L’alchimie de la guerre. Comment je testais des explosifs pour un drone kamikaze

Guerre
3 juillet 2024, 17:08

En temps de guerre tout manque toujours. Surtout les armes. Même s’il existe un nombre illimité d’armes, ce nombre illimité ne sera jamais suffisant.

« La seule chose dont nous avons besoin, ce sont des saucisses », plaisantent les gars de l’unité des forces spéciales Stormtroopers de Dnipro, avec lesquels je vais tester de nouveaux explosifs pour les drones FPV.

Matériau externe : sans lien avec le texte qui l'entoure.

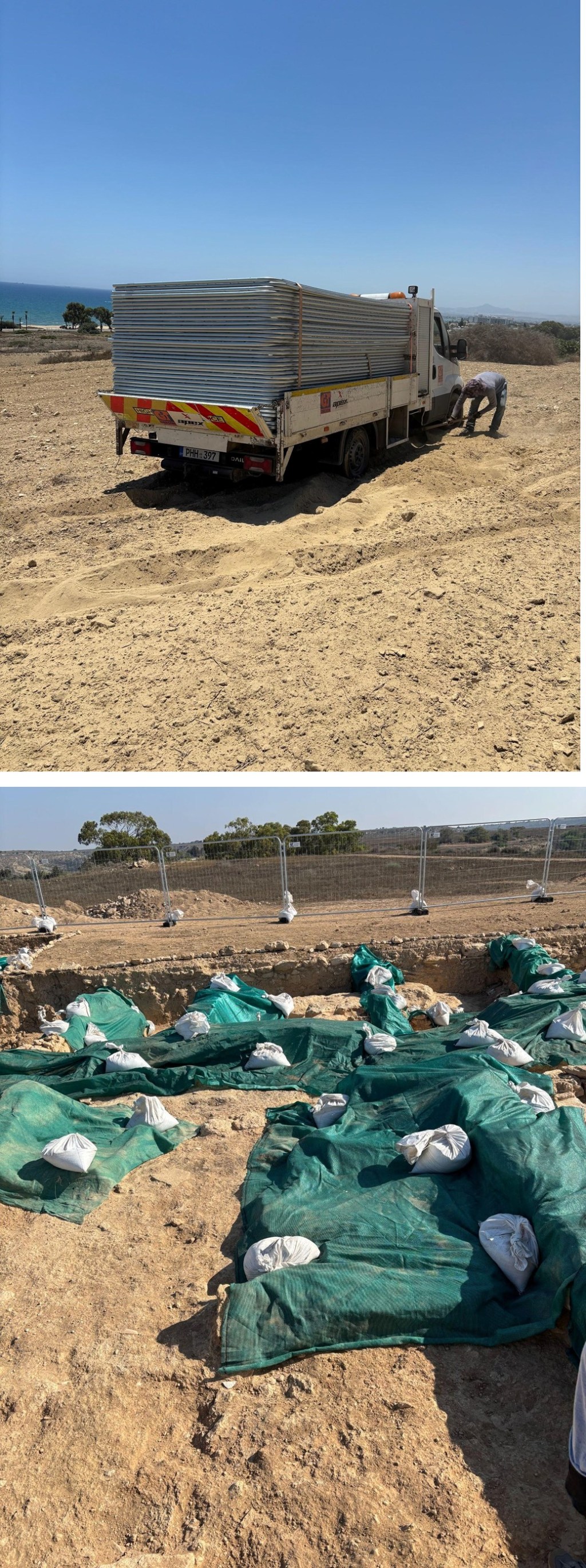 We did all of this so that the supervisors could take drone shots of the entire dig site. Once the trench I was working on was clean enough for pictures, I started filling dirt bags with Teddy. Teddy and I filled up about fifty bags on our own, and then did fifty more with others’ help. Then, on Friday, we arrived at the dig site around 6. We all took group photos and then started to close up the dig site for the season. We all got split up into different groups. Some people were instructed to lay a green tarp on the walls of the dig site to protect them until next season. Once the green tarp was laid out, we placed the dirt bags around it to ensure it wouldn’t blow away and to help stabilize the walls. The others started to build the fence. Two people would grab a piece of the fence, while others would grab black support blocks that the fence pieces would be inserted into. We then secured the fence with little bolts and weighed down the black support blocks with more sandbags. The entire process took a little bit more than an hour to do. Once that was done, we all said our farewells to the dig site and went back down the hill.

Je n’ai même pas eu le temps de faire vraiment leur connaissance. Nous venions d’arriver à leur base, il faisait nuit, il pleuvait à verse et quelques personnes fumaient sous la véranda. Je me suis abrité sous le toit de la maison pour éviter d’être mouillé, quand ils m’ont immédiatement fait une offre impossible à refuser : « Voulez-vous venir avec nous pour tester de nouveaux explosifs » ?
Bien sûr.

Pendant que nous y allons, les gars partagent la sagesse de leur travail. Ils disent qu’ils sont obligés d’utiliser des engins explosifs improvisés et que pour les fabriquer correctement, ils doivent expérimenter. Il s’agira d’une expérience d’utilisation d’un tel produit artisanal. Avant cela, les drones étaient principalement utilisés pour la reconnaissance en temps de guerre et, par conséquent personne ne fabriquait de munitions spécialement pour eux. Plus tard, nous avons commencé à produire des largages pour le Mavic, mais aujourd’hui, ce n’est pas aussi significatif que le FPV.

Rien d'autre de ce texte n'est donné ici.